I appreciate precision in terminology so here is a glossary of terms and succinct definitions that I came up with. One purpose is to help distinguish between interrelated and sometimes confused words, thus these definitions are meant to be read in the context and order in which they are given here. I have also provided links back to my previous posts on these subjects.

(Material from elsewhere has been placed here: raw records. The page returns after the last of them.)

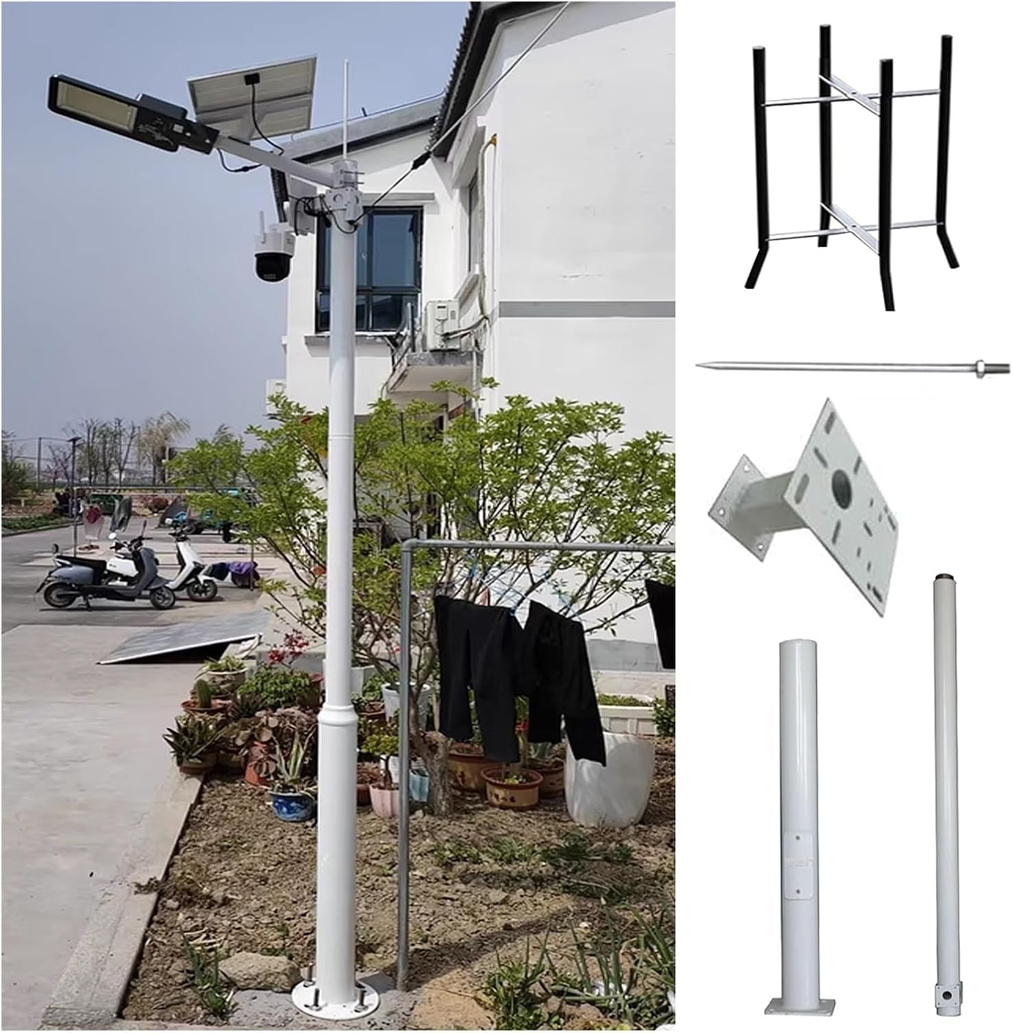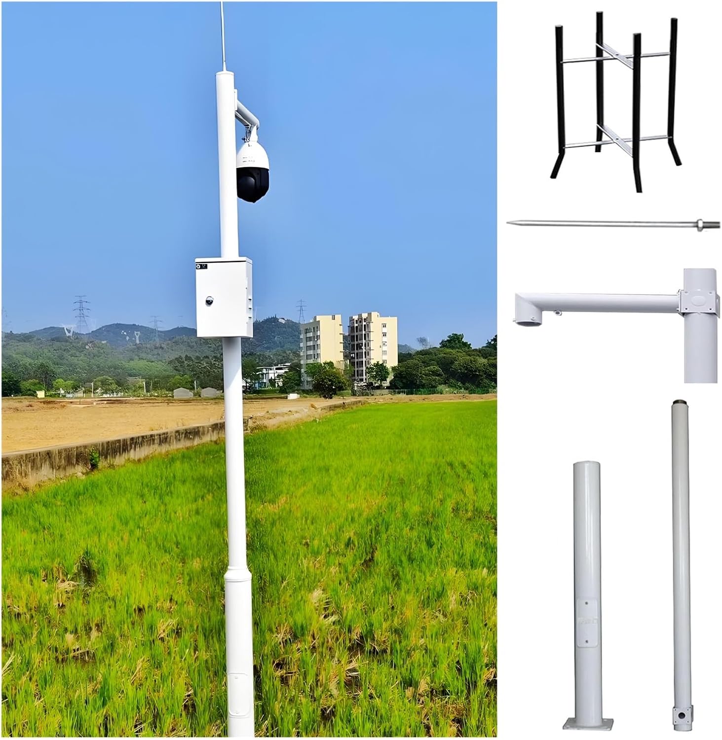 In today's world, ensuring robust surveillance in diverse environments is essential. Our monitoring pole serves as more than just a support structure; it embodies a sense of security for your surveillance systems. Whether you’re securing a bustling city intersection, a lively commercial plaza, or a serene park, this durable monitoring pole is designed to meet your needs.Crafted from galvanized steel, this pole boasts a resilient design that withstands various weather conditions, making it perfect for outdoor use. Its modular construction allows for easy transport and installation, as it can be assembled from 2-3 sections, providing flexibility for your setup. The pole's cross arms can be mounted on all four sides, allowing you to adapt the configuration based on your specific surveillance requirements.Key Specifications:- Material: Galvanized Steel Pipe- Color: White- Lightning Rod Length: 40 cm (15.7 in)- Tube Wall Thickness: 1.5 mm (0.06 in)- Available Heights: 2 m (6.6 ft) to 6 m (19.7 ft) in various section combinations.Features:1. Modular design for easy transport and installation.2. Rust-proof galvanized steel construction for durability.3. Strong and stable structure suited for all weather conditions.4. Versatile cross arm installation for customized surveillance setups.5. Ideal for outdoor scenes such as roads, parks, and plazas.Included in the package:- 1 Security Camera Pole- 1 Ground Base Cage- Mounting ScrewsEnhance your security infrastructure with our reliable monitoring pole, designed to provide a solid foundation for your surveillance equipment while ensuring peace of mind in any environment.
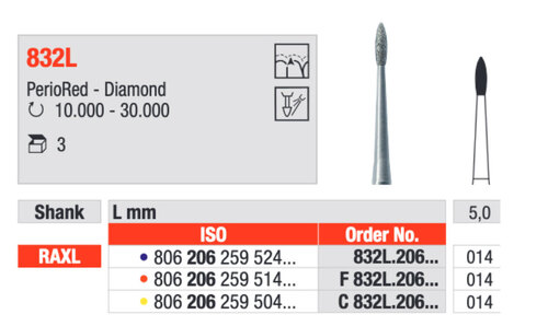 Diamant 832L Perio Red Lång, Spetsig knopp RAXL 014, Blå
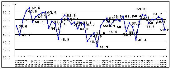 2010年11月,中國(guó)物流與采購(gòu)聯(lián)合會(huì)(CFLP)發(fā)布的中國(guó)非制造業(yè)商務(wù)活動(dòng)指數(shù)為53.2%,比上月回落7.3個(gè)百分點(diǎn)。由于非制造業(yè)沒(méi)有綜合指數(shù),通常以商務(wù)活動(dòng)狀況指數(shù)來(lái)反映非制造業(yè)經(jīng)濟(jì)的總體變化。本月中國(guó)非制造業(yè)PMI各單項(xiàng)指數(shù)中,中間投入價(jià)格指數(shù)、收費(fèi)價(jià)格指數(shù)和業(yè)務(wù)活動(dòng)預(yù)期指數(shù)出現(xiàn)回升,其余主要指數(shù)則呈現(xiàn)不同程度回落。
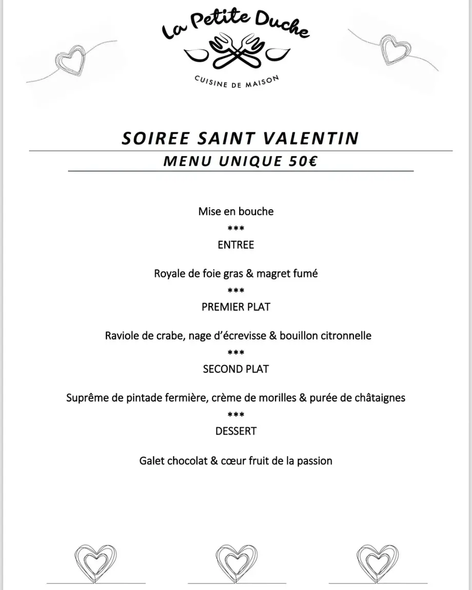 Menu de la Saint-Valentin : samedi 14 février, le soir : 50 € par personne, sur réservation.

You can find out more about all of these terms on Wikipedia.
- encoding: means of representing text in memory or disk
- code page: numeric encoding specifier and/or synonymous with "encoding"
- character set: a collection of characters available in an encoding
- code point: the lookup number of a character
- character: the unit of text with a name and appearance
- ASCII: the most common encoding, uses 7 bits per character, the starting point for most other character sets
- EBCDIC: IBM's 8-bit encoding mostly relegated to their mainframes and minis (EBCDIC to ASCII (and SBCS) Conversion)
- single-byte: (MBCS) refers to encodings with one byte per character including ASCII and character sets other than Far Eastern
- double-byte: (DBCS) Far Eastern (Japan, Korea, China and Taiwan) encodings with one or two bytes per character (Double-Byte Safety Primer)
- multi-byte: (MBCS) refers to encodings with one to many bytes per character including double-byte and UTF-8
- lead byte: the first byte in a two byte character in a double-byte encoding
- trailing byte: the second byte in a two byte character in a double-byte encoding
- ANSI character set: Microsoft Windows term for non-Unicode encodings (single and double-byte) available as the system locale code page (Whether Double-Byte Is ANSI)
- OEM character set: Microsoft Windows term for encodings available as the system DOS console code page (That Ol' OEM Code Page)
- Unicode: the biggest character set; it attempts to encompass all
- UTF-8: a Unicode multi-byte encoding that is backward compatible with ASCII
- UCS-2: the original "Unicode" encoding on Microsoft Windows, limited to code points up to U+FFFF
- UTF-16: the evolution of UCS-2 employing surrogate pairs to overcome the U+FFFF limit
- little endian: (LE) the byte order with most significant byte first especially in 16-bit encodings UCS-2LE and UTF-16LE
- big endian: (BE) the byte order with least significant byte first especially in 16-bit encodings UCS-2BE and UTF-16BE
- Byte Order Mark: (BOM, preamble, signature) two or so bytes at the beginning of the file indicating which Unicode encoding (How to Determine Text File Encoding)
- Windows Unicode: beware that Microsoft Windows uses the term "Unicode" or "UNICODE" to refer to UCS-2LE and UTF-16LE encodings (UTF-8 Versus Windows UNICODE)
- surrogate code point:
- surrogate character: tricked you, this is a misnomer because there are no characters corresponding to surrogate code points
- surrogate pair: a leading and trailing surrogate code point in UTF-16 to represent code points from U+10000 to U+10FFFF (Splitting Surrogate Pairs)
- leading surrogate: U+D800 to U+DBFF, also called high surrogate
- trailing surrogate: U+DC00 to U+DFFF, also called low surrogate
- UTF-32: fixed-length Unicode encoding (but remember there is still the issue of combining characters)
- UCS-4: same as UTF-32 (UCS-4 is not restricted to code points up to U+10FFFF but who cares)
- combining characters: characters like accents, diacritical marks, that modify other characters
- mojibake: characters displaying incorrectly, appearing corrupted (Oh No! Mojibake!)
- locale: computer configuration affecting system language, code page, standards and formats
- default system locale: Microsoft Windows system ANSI code page (Strange case of two system locale ANSI charsets)
- default user locale: Microsoft Windows system standards and formats (The secret family split in Windows code page functions)
- internationalization: (I18N) getting your program to work in multiple locales using Unicode and allowing for variations in number and date formatting
- localization: (L10N) translating and refitting your program for a particular culture
- Base64: most common encoding for transporting/storing binary in a text stream (How I Invented Base64)
U+D800 to U+DFFF, reserved for UTF-16 surrogate pairs
Inevitably I will need to update this. Please leave comments with any suggestions and corrections.